To perform all of the above steps manually for multiple simulations is very tedious and time-consuming, so a “run” script called runme is used to handle the process.

Using runme for one simulation

Before using runme, the user should store a configuration file with some personal choices. To get started, copy the template config file to the main directory:

cp .runme/runme_config .runme_config

Next edit .runme_config so that the choices match your configuration. Mostly, this means setting hpc to the name of your current system and account to the default account to be used for your jobs submitted via SLURM. Also you can add your email address if you would like to receive notifications from SLURM about your jobs.

Now runme is ready for use. See runme -h for details on possible arguments.

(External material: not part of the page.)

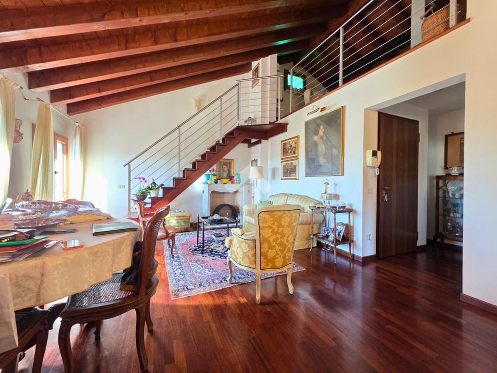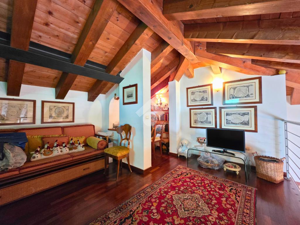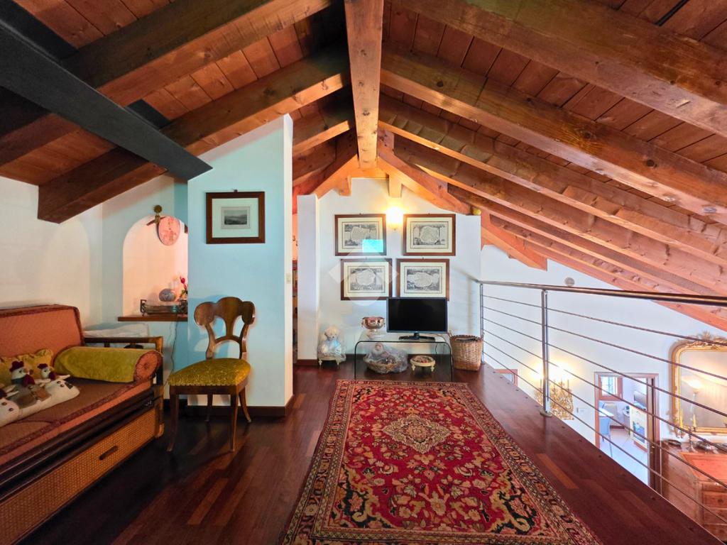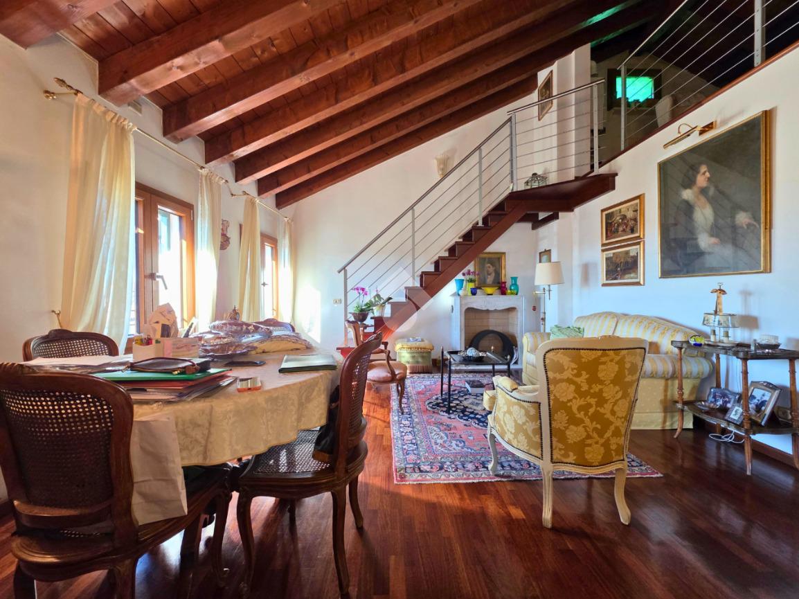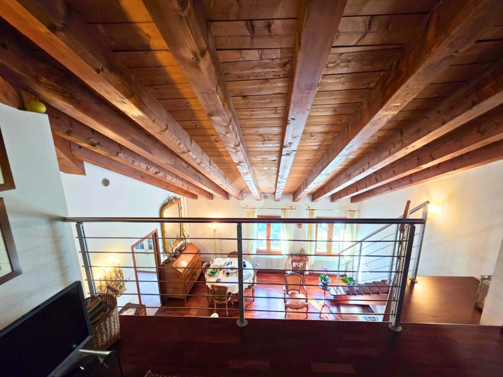 L'abitazione si sviluppa su una superficie commerciale di circa 123 mq. La zona giorno è caratterizzata da una pavimentazione in legno che si estende a tutto l'appartamento, ad eccezione della cucina e dei bagni. Un elemento distintivo degli interni è il tetto con travatura a vista in legno, che conferisce calore agli ambienti, unitamente alla presenza di un soppalco accessibile tramite una scala interna. La zona notte dispone di tre camere da letto, mentre i servizi sono garantiti da due bagni attrezzati con vasca e doccia.

Note that aside from possible optional arguments, runme is always called with the required argument -o RUNDIR that specifies the output directory. So, to run a climber.x simulation as a job on the cluster in RUNDIR, run the command:

runme -rs -o RUNDIR

where RUNDIR is the desired run directory. The option -r says that the job should actually be run (instead of just prepared) and -s specifies that the job should be run on the cluster. If -r is used alone, then the job is simply run as a background process. Other options include -q, --queue for the queue alias (short, priority, etc.), -w, --wall for the maximum wall clock time to allow in format HH:MM:SS, --part to name the processor partition (priority, standard, smp, etc), --omp to specify the number of processors, and others. See runme -h for all options.

When called as above, this script will run a simulation using the parameters as they are specified in the namelist parameter files in the nml directory. In addition, it is possible to modify the parameters of one simulation at the command line using the argument -p KEY=VAL KEY=VAL .... So, for example, the following command:

runme -s -o RUNDIR -p ctl.n_accel=10

will run climber.x on the cluster in the output directory RUNDIR with the control parameter control.n_accel set to 10. Note that ctl is a convenient alias for the namelist group control, as defined in .runme/climberx_info.json.

To run an ensemble of simulations with modified parameter values, runme handles the ensemble internally (see below) — no external tool is required.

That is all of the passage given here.